Ok, so I don't repeat what Blogus says, go on to read his comments. No, worries. Take yer time; I'll wait.

So, to be honest I agree with Blogus on his comments about the movie. Truly, Zombie is a demented genius. I was convinced he would do this classic film justice, and he lives up to my expectations.

However, there is one key point that I'd like to underscore about this film:

It is scary precisely because it is so believable.

Seriously.

I have long held a theory human beings aren't scared by the fantastic or amazing nearly as much as we are by the common and mundane gone askew. Sure, vamps can be scary, but our ability to think that isn't real provides us some serious emotional insulation to not be scared. A child is scared by monsters of this ilk precisely because they believe such monsters could exist.

However, when we take a believable set of factors and mess with them....we are not insulated as well. The Halloween story is a prime example. A boy flips out and kills his family. We see this in the news; this is a not only possible, but it's happened. So, we find ourselves unable to ignore what we see or discount it as not being "real".

Now, take this a step further, and really scare a human: remove a human's ability to reason with the situation. Cujo is scary because the dog is normal entity in our lives, but due to rabies, we cannot relate to the dog as our minds say we must. Michael Myers is additionally scary because we cannot reason with him. We cannot expect pity or restraint. We are afraid because we know that no matter what we say, if he decides to kill us, he will. Humans do not like situations in which we cannot understand or relate to the antagonist.

So, in it's original form, the film Halloween was already pretty darn scary (especially for the time).
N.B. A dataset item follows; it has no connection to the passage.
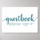Simple horizontal "Guestbook: Please Sign In" shower, party, or reception table signage featuring a fun, casual hand-lettered script. The classic design includes a modern handlettered quote typography overlay. The lovely font with a customizable background color makes it easy to fit any theme. For other colors or matching products, please visit the JustFharryn Zazzle store, or contact the designer, c/o fharryn@yahoo.com All rights reserved. #zazzlemade

Zombie takes the original film, and gives the boy Michael Myers (and what a great choice of actor) a back story. He gives reasons why the child might be a "little" messed up. He provides a hypothesis that might explain how such a thing could happen. We begin to feel badly for him, and all that has happened to him. He is a poor, sad, confused boy who goes totally psychotic.  I think the inclusion of the back story was brilliant, and adds some realism. Michael Myers becomes less some mysterious monster and more someone you've read about in the news.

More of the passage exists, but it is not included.